La guerra a muerte igualó el dolor y el padecimiento sin distingos sociales, económicos y étnicos. El ejemplo más palpable lo da Martín Tovar Ponte el 27 de junio de 1814, uno de los tantos padres que se despidió de su familia; ese día el caraqueño le confiesa a su esposa en una última carta: “morir es mejor”.

“No temer al otro”

Urquinaona se consigue en su camino lo que Remo Bodei ilustra en tiempos del terror jacobino francés, salvando las distancias del caso: “En los regímenes despóticos los hombres pierden las razones del vivir. Secretamente prefieren o el imperio de los sentidos (que les haga olvidar los males que los afligen y que ellos mismos infligen a otros) o la muerte, a la que siempre están prontos o resignados”.

La voz de Urquinaona percibe a los sujetos completamente separados entre sí: estos viven juntos por la fuerza repulsiva de las pasiones que los aíslan. Pero también alejados de la confianza y la solidaridad recíprocas, degradando a los ciudadanos a súbditos y generando así la más completa, fatalista y vil pasividad política, apenas interrumpida por alguna esporádica, rabiosa y fugaz llamarada de rebelión.
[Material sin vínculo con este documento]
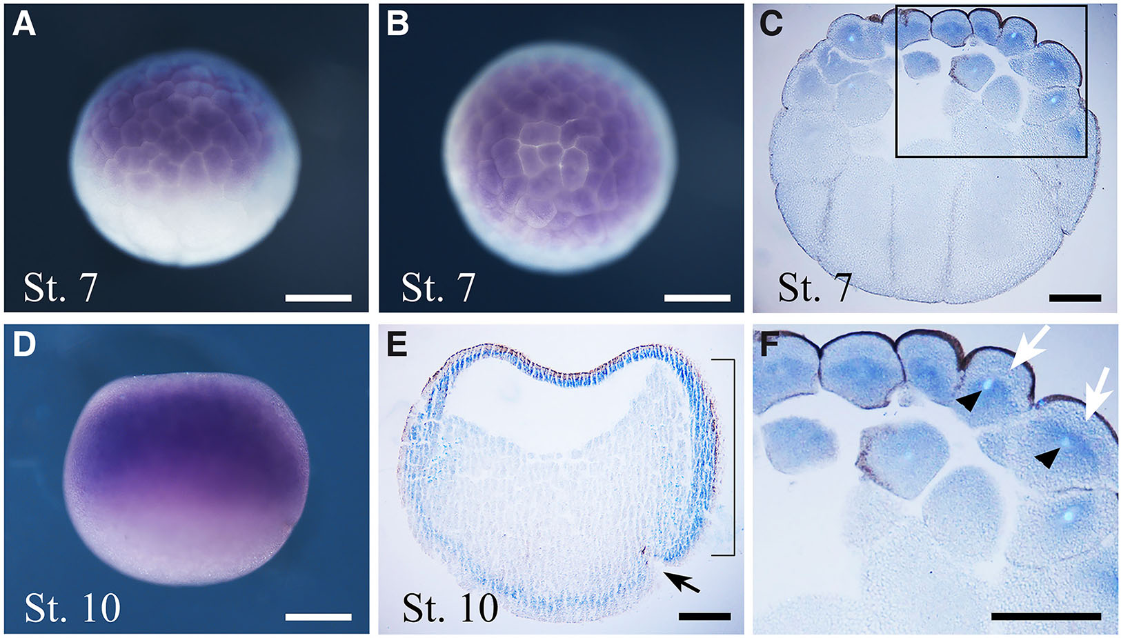 Embryo developmental stages (St.) are indicated at the bottom left corner of each panel. (A,D) Lateral view, animal pole to the top and vegetal pole to the bottom, and (B) animal view, of whole-mount stained embryos. (C,E) Sagittal sections from whole-mount embryos, animal pole to the top and vegetal pole to the bottom. Black arrow in (E) points to the dorsal lip of the blastopore. (F) Magnified view of the boxed region indicated in (C), showing the intracellular localization of thg1l transcripts in animal blastomeres. White arrows show absence of the transcript in the apical portion of cytoplasm, whereas black arrowheads indicate Hoechst-stained nuclei. Bracket in (E) indicate the dorsal involuting mesoderm. Scale bars: 200 µm in (A,B,D); 150 µm in (C,E,F).

El terror es la otra cara de la confianza y la seguridad. En El espíritu de las leyes, Montesquieu explica que tanto en las monarquías como en las repúblicas, la libertad política de los ciudadanos, hombres y mujeres, descansa sobre “la tranquilidad de espíritu que proviene de la consideración que cada uno tiene de la propia seguridad”. Solo hay un requisito que priva el equilibrio de la polis según el pensador francés; y el comisionado Urquinaona sabía de qué se trataba: que “el gobierno sea tal que el ciudadano no deba temer a otro”.